The IFS have said that adding the 50p top rate on incomes of £150,000 and spending the proceeds on raising the personal tax allowance, is bound to make the package more progressive.

c) Most of the revenue raising measures in the tax commission proposals are aimed at high wealth not high incomes. Capital Gains Tax Taper Relief is enjoyed by those with large assets not high incomes, and higher rate relief on pension contributions is enjoyed by those building pension pots not on those specifically with high incomes.

d) To argue against the 50p rate on the basis that we should not be taxing incomes, but rather only wealth is not consistent with a £20bn wealth to income switch represented by council tax to LIT.

e) The proposed 50p tax is a development of policy:

Compared to the last election manifesto, this 50p tax proposal is different

• It is levied on incomes over £150,000 not £100,000

• It is no longer tax to spend (i.e. to fund specific policies in Higher ed and Long term care) but to make tax fairer, by cutting unfair taxes

• It is a coherent part of the new tax proposals

f) It is a coherent, distinctive, newsworthy, resonant, principled, practical and popular policy

• Coherent - it is an utterly rational part of the new "fairer, simpler, greener" tax policy package -

• Distinctive - it is one policy that the other parties won't even pretend (unlike Green taxes for example) to copy from us

• Resonant - it is one of the few policies (along with scrapping tuition fees, free personal care and anti-Iraq war) that Liberal Democrats are known for - we should be loathe to scrap it without good reason. CGT Taper relief and Pension contribution relief reform are hardly comprehensible, let alone resonant, with the public.

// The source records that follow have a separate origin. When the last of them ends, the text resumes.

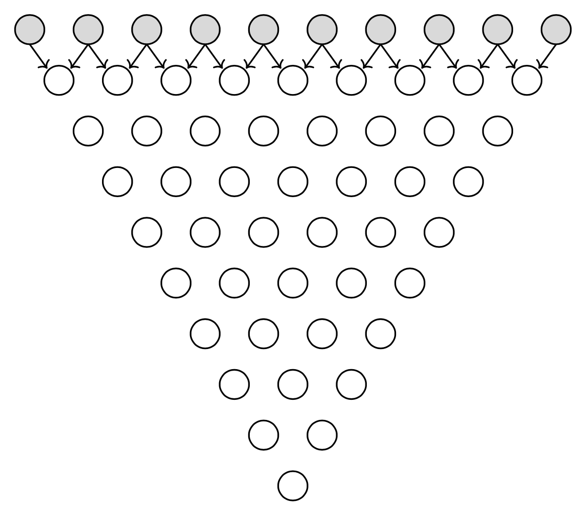 تعداد بارهایی که مقدار هر خانه در پایین‌ترین خانه‌ی هرم تاثیر دارد با توجه به مثلث خیام-پاسکال تعیین می‌شود. میزان تاثیر خانه‌ی $i$ام بالاترین سطر برابر با $\binom{9}{i}$ است. در نتیجه مقدار خانه‌های دوم تا نهم هیچ تاثیری در باقی‌مانده‌ی خانه‌ی پایین ندارد و خانه‌های اول و دهم دارای ضریب یک هستند. پس می‌توانیم دو خانه مانند خانه‌های اول و دوم را کنار گذاشته و سایر خانه‌های بالاترین سطر را به $3^8$ طریق مقداردهی کنیم. مقدار خانه‌ی اول با توجه به خانه‌ی دهم به صورت یکتا و سپس مقدار خانه‌ی دوم با توجه به جمع ۹ خانه‌ی دیگر به صورت یکتا تعیین می‌شود.
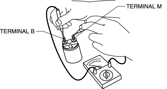 3. Verify that there is no continuity between terminals M and B using a tester.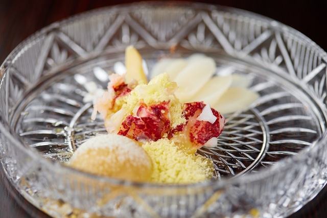 高級食材として知られているフランスはブルターニュ産の「オマールブルー」は、多くの美食家を魅了。その名の通り、綺麗な青色の殻が特徴で「青い宝石」と呼ばれています。当店ではフランスから生きたまま空輸されたオマールブルーが食材の定番としてコースに登場致します。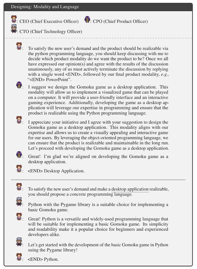 Lo más notable de ChatDev, como lo explica Xataka, es que los problemas y tareas no fueron resueltos por una única inteligencia artificial, sino por un conjunto de chatbots que representaban diferentes roles en la empresa. Por ejemplo, el “CEO” y el “CTO” de ChatDev se centraron en la etapa de diseño.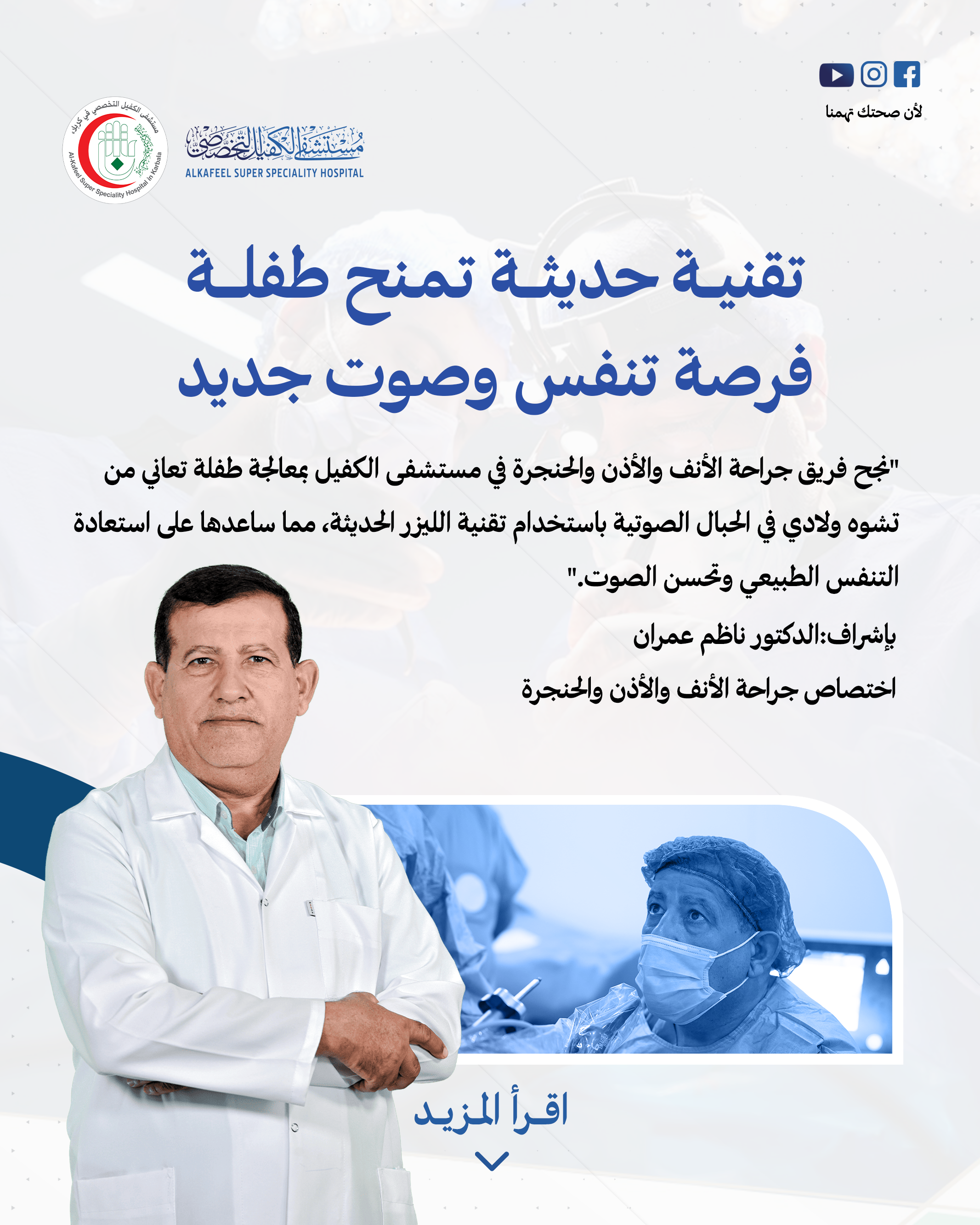 وذكر الدكتور الاستشاري ناظم عمران، إن التشوه الذي تعاني منه الطفلة تسبب لها ببحة في الصوت وصعوبة في التنفس، مبينا انه بعد معاينة الحالة وإجراء كافة الفحوصات اللازمة، بما فيها الناظور، تم الإستعداد للعملية باستخدام تقنية الليزر الحديثة، والتي تتيح دقة عالية ونتائج فعالة دون الحاجة إلى تدخل جراحي كبير.

• Newsworthy - Lib Dems need media coverage for our popular policies and 50p top rate is popular as are the things the proceeds are spent on. The risk is that without it we will be less newsworthy except in being described as "raiding pensions" or being one of the parties proposing Greener taxes. The whole simpler, fairer, greener package would benefit from the profile provided by a higher rate of income tax.

• Principled - it is the most progressive form of the most progressive tax, and used to help poorer tax payers more than wealthy ones. It also symbolises honesty and courage in policy

• Practical - It is well understood and difficult to evade/avoid. It only represents 5% more than the existing proposals due to the LIT cap and with LIT 9% more than the current regime, all on incomes over £150,000. This will affect about 150,000 tax-payers, and benefit the other 29 million especially the 300,000 poorest.

• Popular - all the polling evidence showed that even on its own (without the benefits of what it would pay for being factored in) it was popular with voters as a whole, especially our voters and our target voters. It also led to views of us as principled, honest and straight-talking.